▶ _What you need to do_:
In the records that follow, find the line containing "クレマチスやマトリカリアで軽やかに動きをだしました   […]" and the line containing "محافظ صفحه نمایش نانو", then transcribe both and every line between them exactly, omitting pictures.

▶ _Supplied material_:
──────────────────────────────

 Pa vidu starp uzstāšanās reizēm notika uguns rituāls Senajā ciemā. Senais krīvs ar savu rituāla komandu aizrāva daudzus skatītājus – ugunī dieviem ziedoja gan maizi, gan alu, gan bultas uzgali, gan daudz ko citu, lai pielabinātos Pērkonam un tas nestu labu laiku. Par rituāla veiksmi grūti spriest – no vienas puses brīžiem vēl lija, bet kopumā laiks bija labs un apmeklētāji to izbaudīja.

──────────────────────────────

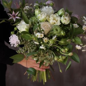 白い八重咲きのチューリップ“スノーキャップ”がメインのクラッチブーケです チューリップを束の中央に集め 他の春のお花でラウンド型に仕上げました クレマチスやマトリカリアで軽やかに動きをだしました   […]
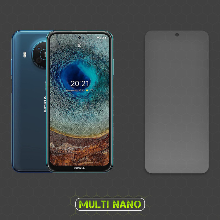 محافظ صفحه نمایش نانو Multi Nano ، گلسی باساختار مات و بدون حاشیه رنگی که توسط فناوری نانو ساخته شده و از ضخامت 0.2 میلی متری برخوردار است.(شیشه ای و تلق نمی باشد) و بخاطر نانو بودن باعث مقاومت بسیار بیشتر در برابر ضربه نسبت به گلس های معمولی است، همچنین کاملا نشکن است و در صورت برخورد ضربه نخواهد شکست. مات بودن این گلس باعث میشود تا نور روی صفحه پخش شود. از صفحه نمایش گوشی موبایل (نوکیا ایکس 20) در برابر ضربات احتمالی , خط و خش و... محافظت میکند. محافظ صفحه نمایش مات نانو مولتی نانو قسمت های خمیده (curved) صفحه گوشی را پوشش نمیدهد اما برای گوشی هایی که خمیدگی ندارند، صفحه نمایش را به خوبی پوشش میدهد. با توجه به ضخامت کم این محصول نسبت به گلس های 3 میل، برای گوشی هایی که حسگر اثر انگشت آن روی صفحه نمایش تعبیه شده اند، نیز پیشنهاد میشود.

──────────────────────────────

▶ _Response below_:
 白い八重咲きのチューリップ“スノーキャップ”がメインのクラッチブーケです チューリップを束の中央に集め 他の春のお花でラウンド型に仕上げました クレマチスやマトリカリアで軽やかに動きをだしました   […]
 محافظ صفحه نمایش نانو Multi Nano ، گلسی باساختار مات و بدون حاشیه رنگی که توسط فناوری نانو ساخته شده و از ضخامت 0.2 میلی متری برخوردار است.(شیشه ای و تلق نمی باشد) و بخاطر نانو بودن باعث مقاومت بسیار بیشتر در برابر ضربه نسبت به گلس های معمولی است، همچنین کاملا نشکن است و در صورت برخورد ضربه نخواهد شکست. مات بودن این گلس باعث میشود تا نور روی صفحه پخش شود. از صفحه نمایش گوشی موبایل (نوکیا ایکس 20) در برابر ضربات احتمالی , خط و خش و... محافظت میکند. محافظ صفحه نمایش مات نانو مولتی نانو قسمت های خمیده (curved) صفحه گوشی را پوشش نمیدهد اما برای گوشی هایی که خمیدگی ندارند، صفحه نمایش را به خوبی پوشش میدهد. با توجه به ضخامت کم این محصول نسبت به گلس های 3 میل، برای گوشی هایی که حسگر اثر انگشت آن روی صفحه نمایش تعبیه شده اند، نیز پیشنهاد میشود.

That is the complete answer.